A jest taka pora przesilenia, kiedy już dalej trwać niemo nie można; uciekasz z
domu, od wszystkiego co dzień po dniu trwało, do lasu czy gdzie wracasz; a potem
znów trzeba wyjść z domu, tak ciągle;
od dawna jesteś niby tu, a właściwie tam jesteś; nie uspokojony nigdy, wracasz;
widzisz jak wydzielony tu zostałeś z wszystkiego, idziesz dalej, jak najdalej,
gdziekolwiek by to było; tak bardzo się starasz, by znów znaleźć się jak
najdalej miejsca, które tak dobrze znasz;
i myślisz, że niby mógłbyś zostać w nim; a jednak ci się zdaje -
masz już dość siebie i tamtego Miejsca tak samo;
nowego jeszcze nie masz nic;
musisz więc nażyć tego nowego, i to dość sporo,
żeby już był tam twój, i tego Miejsca, spokój;
tak toczy się światek wszędzie,tu i tam życia nie staje, choć powoli się toczyty
idziesz donikąd.
Ptaki dziś śpiewają od niechcenia, w zapał nie wierzą, melancholijne dość;
przysiadasz się na korzeniu, szyszki oglądasz na ziemi rozsypane – i co z nich
wyrośnie?
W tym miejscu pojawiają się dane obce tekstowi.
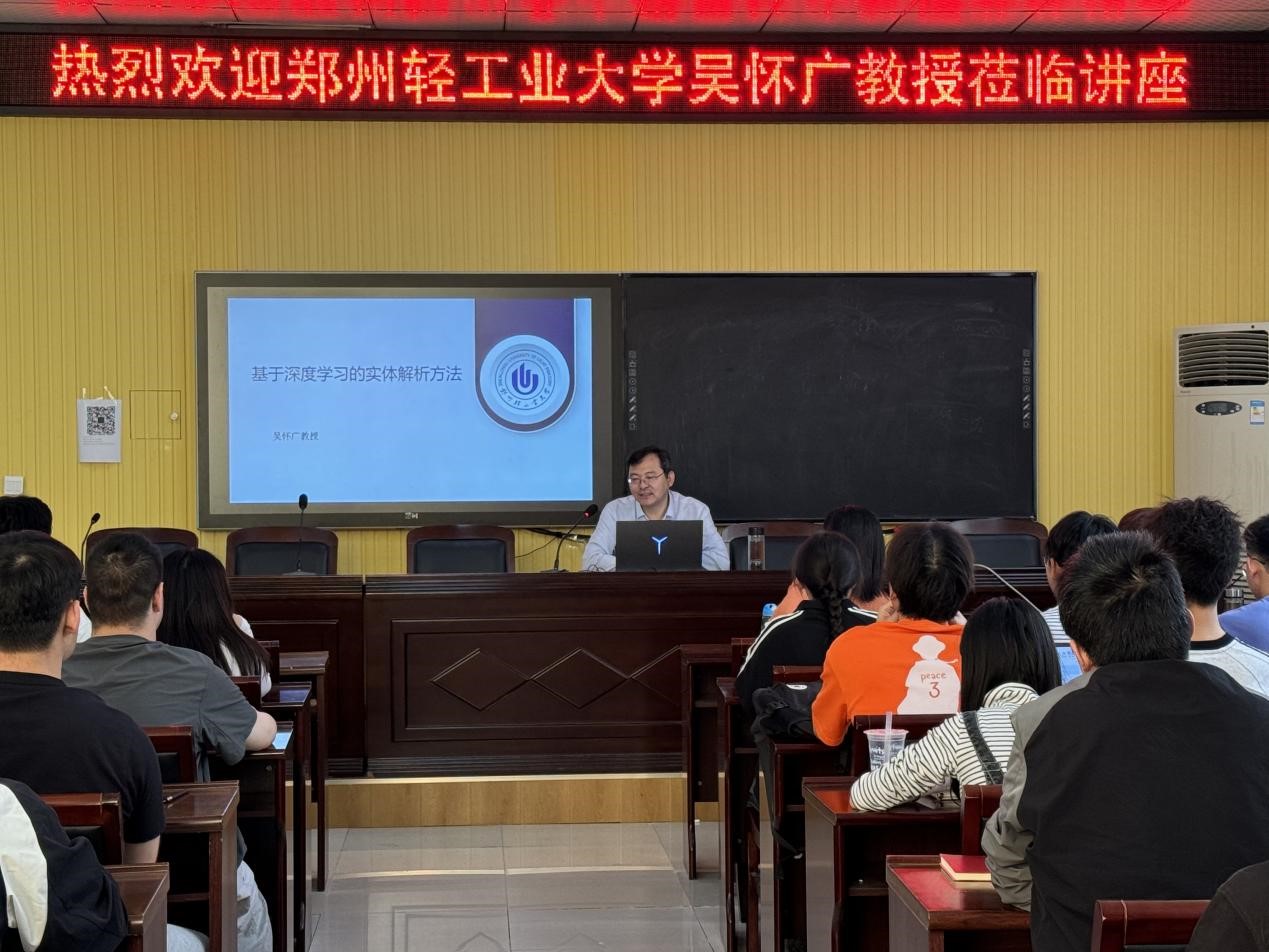 4月26日上午,应公司邀请,郑州轻工业大学教授吴怀广、河南师范大学教授张俊娜在该院410会议室分别作了题为“基于深度学习的实体解析方法”、“面向深度神经网络的边缘智能环境构建及关键技术研究”的学术报告。报告分别由公司冯岩教授和李艳灵教授主持,公司教师、研究生聆听了讲座。

A w górze korony sosen z wiatrem razem rozgarniają niebo od chmur,
pochylają się ku sobie, a potem dość łaskawie i do ciebie, niepewnie ale jednak.
Odejść stąd musisz i tak; i zrobić co przedtem nie zrobione, tak być powinno;
możesz, to znaczy musisz wywiązać się z; albo i z takiej myśli, niebłahej
zdawałoby się,
przecież ta Ziemia, na której położyłeś się, dawno by cię przytuliła już do
siebie! i miejsce wewnątrz by ci zrobiła, bez żadnych zasług ni starań;
no to odpocznij sobie teraz, daremnie nie gryź się; chwilowo przyśnij, inaczej
może poczujesz się i na ciele; a we wnętrznościach twoich i tak przyswaja się
świat, kto wie, może to nie cała jeszcze nagroda, co już doręczona?
nawet i najbardziej swobodna myśl, lotna, wolna, dalej cię nie zawiedzie,
niż ta, że miałeś już gdzie iść, wiedziałeś gdzie cię powiedzie to Najdalej!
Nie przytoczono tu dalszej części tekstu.